Первая пуля вошла ему в плечо, затем пробила правое легкое и застряла где-то в сплетении кишок, распалив в них нестерпимый костер — впрочем, ненадолго.

Он продолжал разворачиваться по инерции, а тут еще начал заваливаться назад, потому что вторая пуля тараном ударила из павшей на него темноты прямо в солнечное сплетение. Его отбросило на женщину, чье тщедушное тело почти не задержало падения. Кисун не вспомнил ни о ней, ни о пророчестве (сегодня один умрет), ни даже о своей дочери Лизе. У него было дело поважнее — он умирал.

Вопиющую нелепость этого простого факта не могли смягчить ни возраст, ни жизненный опыт, ни усталость, ни множество «умных» книжек, которые он успел прочитать. Вот, пожалуй, единственное чувство, успевшее запечатлиться в его обожженном болью сознании в виде последней тускнеющей вспышки, эдакого антирекламного лайт-бокса на краю окончательной пустоты: всё (абсолютно всё!) было Большой Черной Ложью.

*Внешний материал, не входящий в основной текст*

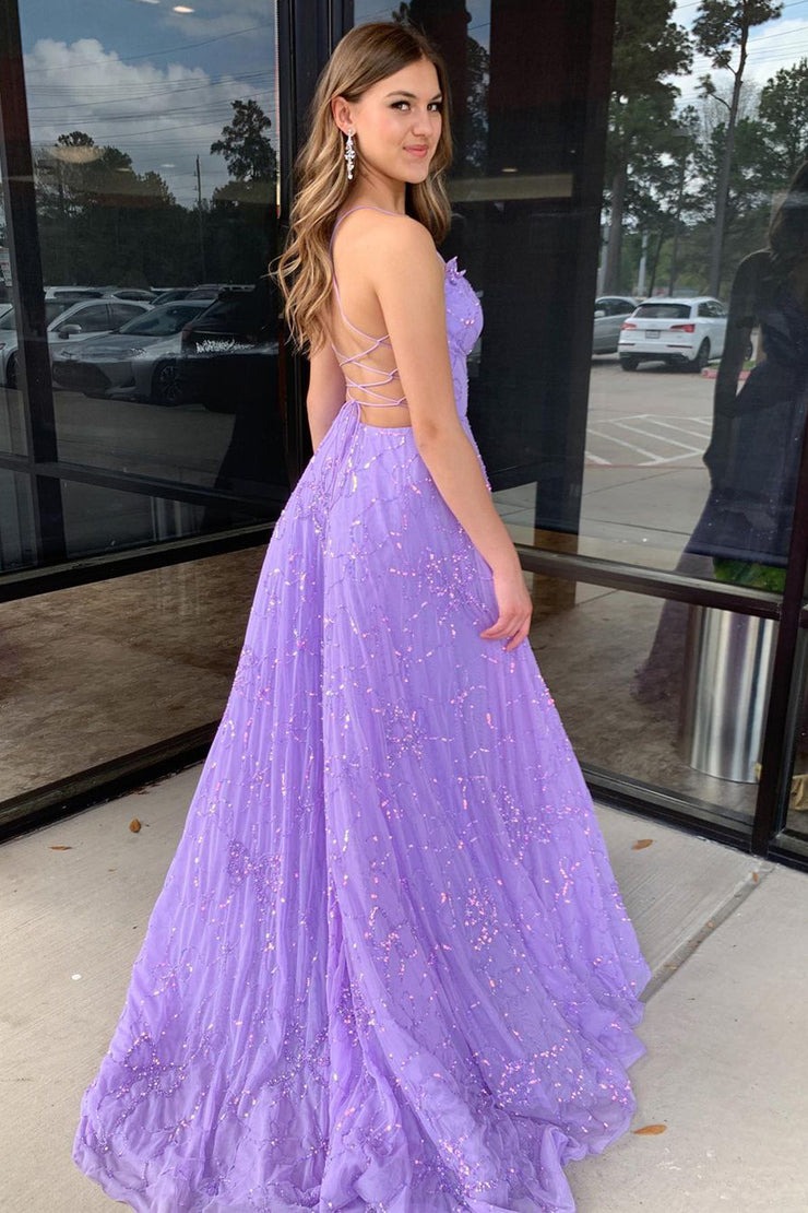V Neck Lilac Tulle A-Line Long Prom Dress with Sequin ,PD230836
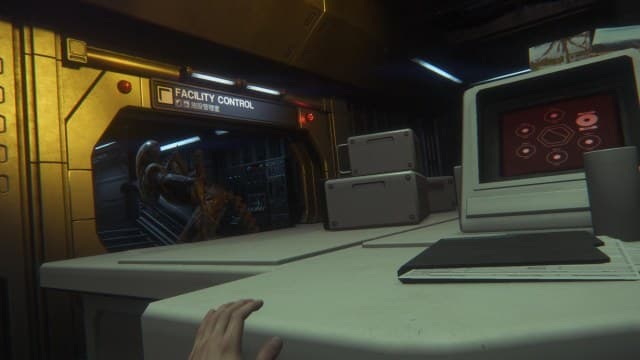 Первые три часа кампании удались, особенно первое знакомство с ксеноморфом. Аккуратно бродишь по локации, постоянно смотришь на датчик движения и боишься малейшего шороха. От чужого можно спрятаться в шкафу или под столом и надеяться, что тварь прекратит поиски Рипли. К слову, при активации датчика движения изображение размывается, а если посмотреть вдаль, держа датчик в руках, то картинка на нем становится неразборчивой. Занятная находка. Увы, восторг со временем проходит.
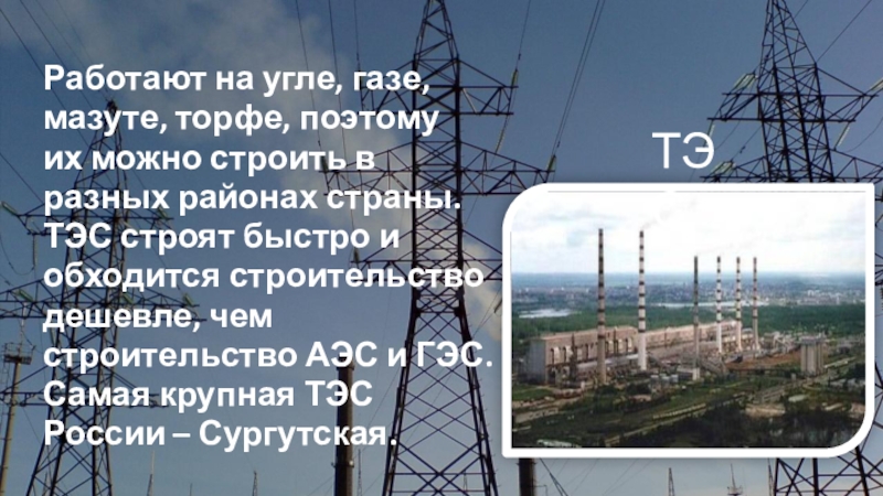 4. ТЭС, в связи с массовым освоением технологий их строительства, сооружаются гораздо быстрее, чем ГЭС или АЭС, а их стоимость на единицу установленной мощности значительно ниже по сравнению с АЭС и ГЭС.
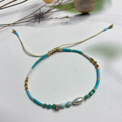 Adjustable pearl bracelet with turquoise beadwork and a central pearl accent on a slim cord band. Light handcrafted piece with a clean colorful look.
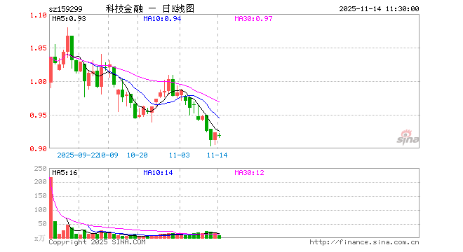 11月14日,截止午间收盘,金融科技ETF易方达(159299)跌0.54%,报0.918元,成交额708.30万元。金融科技ETF易方达(159299)重仓股方面,同花顺截止午盘跌0.96%,东方财富跌1.23%,恒生电子跌1.39%,指南针跌0.01%,润和软件涨0.93%,东华软件涨2.00%,银之杰跌1.11%,新大陆涨0.04%,四方精创跌1.48%,广电运通跌0.32%。
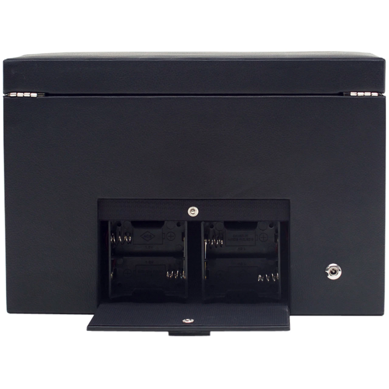 - The watch winder has a pebble-finish black leather exterior.
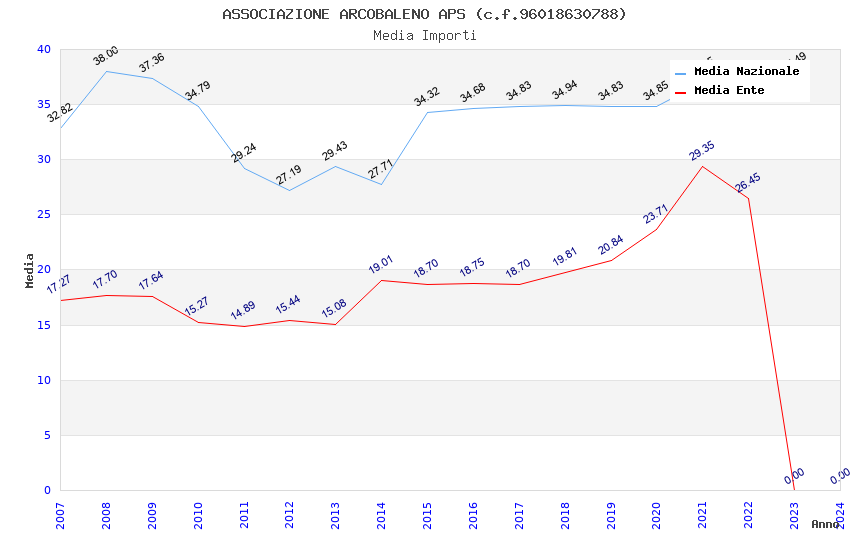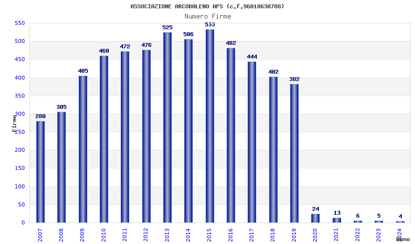 | Anno | Firme | Importi | Media | Naz. | Reg. | Prov. | Comu. |
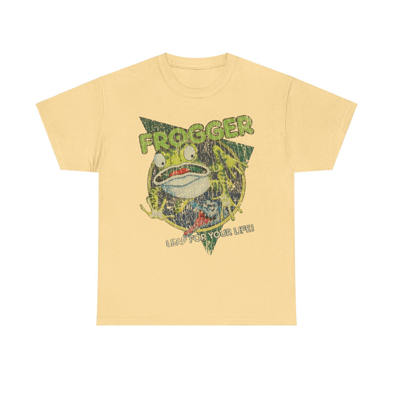 This 100% preshrunk cotton tee features the classic Frogger "Leap For Your Life" distressed graphic printed on a standard unisex fit from Gildan. The cracked and faded print exudes amazing retro gaming vibes. Available in a range of colors that'll transport you straight to the neon-soaked arcade. It's a standard unisex fit crafted from 5.3 oz 100% cotton, with the nostalgic distressed design featured on the front and a blank back. Printed on a quality Gildan 5000 shirt with a tear-away label. Machine wash cold, tumble dry low.

106. Нестор: «Он тебя ждет»

Зыбкий город проплывал перед ним, над ним, сквозь него, словно кошмарный сон. Хотя, если верить монаху-мертвецу, город и был кошмаром, фантазией, плодом воображения. Чужого воображения. Еще это напоминало страшноватую мутацию сновидений. Собственные сны Нестора иногда были цветными; очень редко он ощущал запахи; никогда не осознавал, что спит.

Сейчас все шесть его чувств подвергались воздействию, исказившему восприятие до такой степени, что время от времени накатывала прозаическая тошнота. Но больше всего страдало самолюбие. Нестор отчетливо понимал, что и сам он — не более чем материализованный фрагмент ирреальной головоломки, потребный лишь для того, чтобы неведомый ему общий замысел обрел полноту.

Как ни странно, это не имело ни малейшего отношения к религиозности. Когда-то он был бы рад считать себя Божьим творением — но не Божьим кошмаром. А сейчас выяснялось, что и не Божьим вовсе. Существо, наделившее его сознанием и иллюзией свободной воли, не обязательно было высшим и всеведущим. Оно просто успело первым. Возможно даже, оно было низшим, но ему принадлежало авторство! И теперь, пытаясь осознать себя и восстановить свою «самость», Нестор мог заниматься только жалким плагиатом.